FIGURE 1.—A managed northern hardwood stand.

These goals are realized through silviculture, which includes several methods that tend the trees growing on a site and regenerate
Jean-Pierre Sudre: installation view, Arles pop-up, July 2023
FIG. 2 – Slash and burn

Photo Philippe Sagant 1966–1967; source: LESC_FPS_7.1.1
- - -
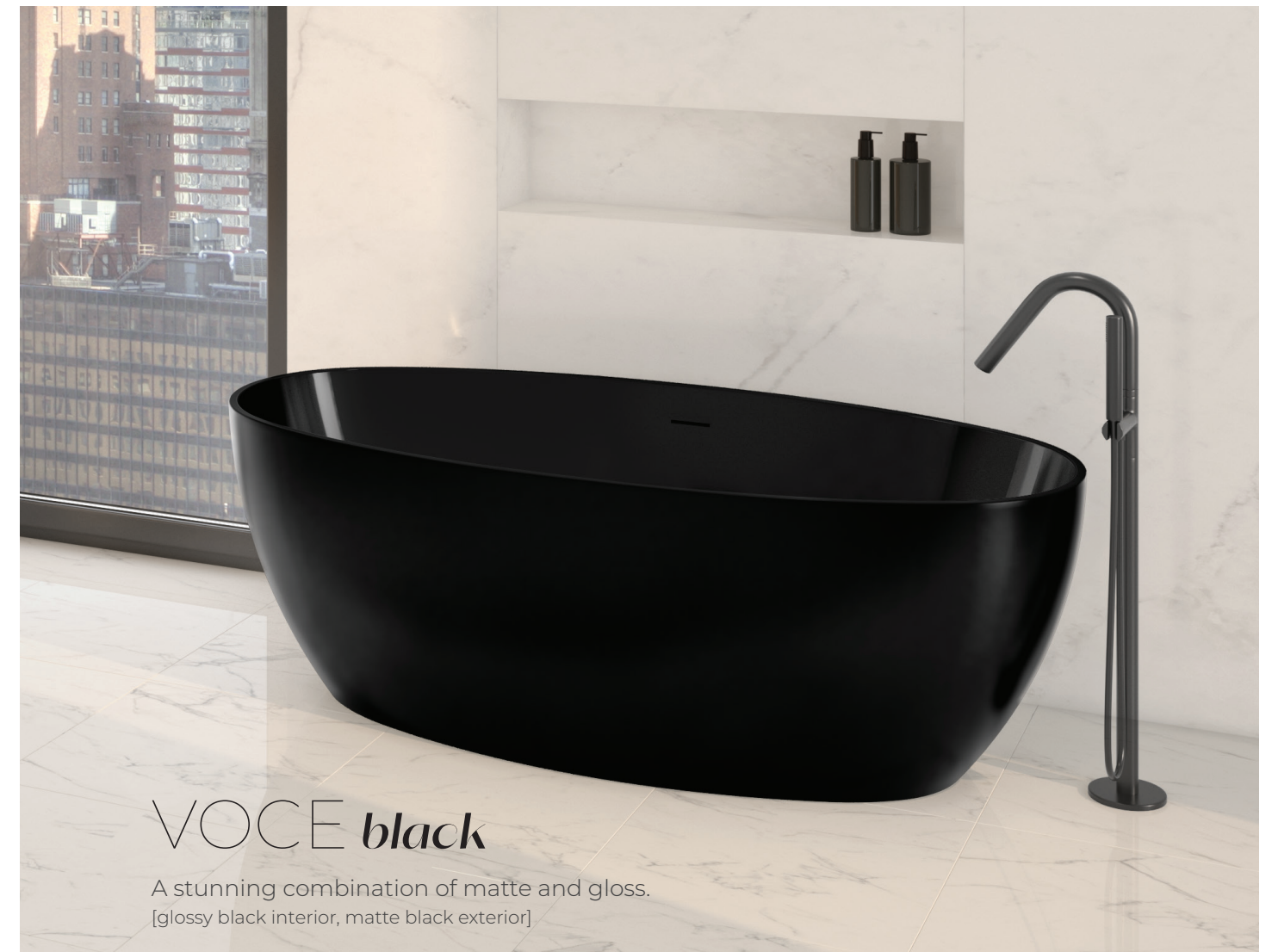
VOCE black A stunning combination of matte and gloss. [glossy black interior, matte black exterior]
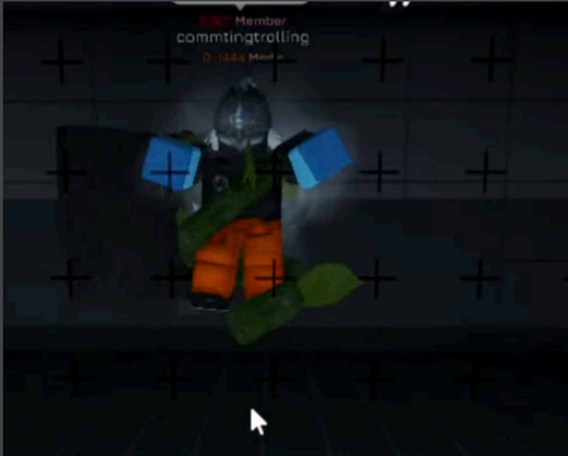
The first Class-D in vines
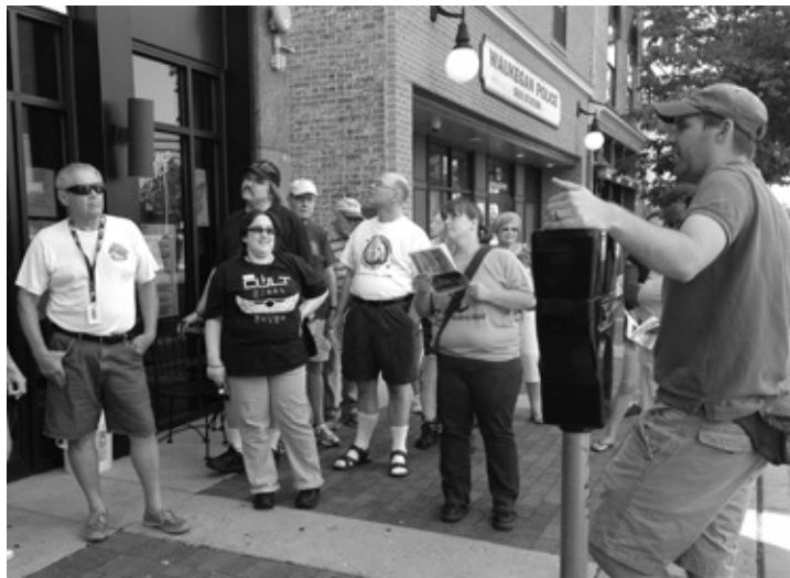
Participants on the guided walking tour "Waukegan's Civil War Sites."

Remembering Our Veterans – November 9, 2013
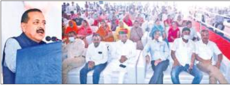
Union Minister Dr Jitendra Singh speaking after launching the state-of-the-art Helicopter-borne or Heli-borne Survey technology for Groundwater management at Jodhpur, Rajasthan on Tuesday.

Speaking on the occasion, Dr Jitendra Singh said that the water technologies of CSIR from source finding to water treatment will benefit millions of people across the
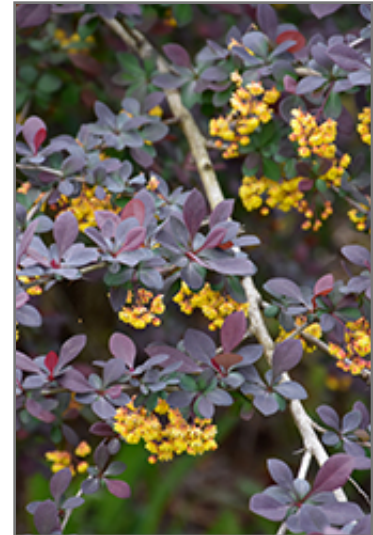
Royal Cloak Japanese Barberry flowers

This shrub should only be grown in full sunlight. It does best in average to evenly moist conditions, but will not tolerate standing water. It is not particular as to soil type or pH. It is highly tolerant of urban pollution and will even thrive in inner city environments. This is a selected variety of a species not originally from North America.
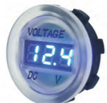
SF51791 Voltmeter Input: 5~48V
- - -
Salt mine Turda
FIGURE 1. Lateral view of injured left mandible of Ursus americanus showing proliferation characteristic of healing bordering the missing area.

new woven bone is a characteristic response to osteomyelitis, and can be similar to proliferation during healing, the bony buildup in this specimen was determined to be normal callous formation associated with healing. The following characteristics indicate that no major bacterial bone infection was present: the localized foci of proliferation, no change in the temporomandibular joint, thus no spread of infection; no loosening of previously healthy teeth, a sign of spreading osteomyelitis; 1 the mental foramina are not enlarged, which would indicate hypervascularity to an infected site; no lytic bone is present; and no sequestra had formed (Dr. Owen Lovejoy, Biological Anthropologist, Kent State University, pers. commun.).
- - -
* [Try it]:
Given the data above, transcribe exactly the lines from the one containing "FIGURE 1.—A managed northern hardwood stand." down to the one containing "Photo Philippe Sagant", and no others.

* [Solution to the problem]:
FIGURE 1.—A managed northern hardwood stand.

These goals are realized through silviculture, which includes several methods that tend the trees growing on a site and regenerate
Jean-Pierre Sudre: installation view, Arles pop-up, July 2023
FIG. 2 – Slash and burn

Photo Philippe Sagant 1966–1967; source: LESC_FPS_7.1.1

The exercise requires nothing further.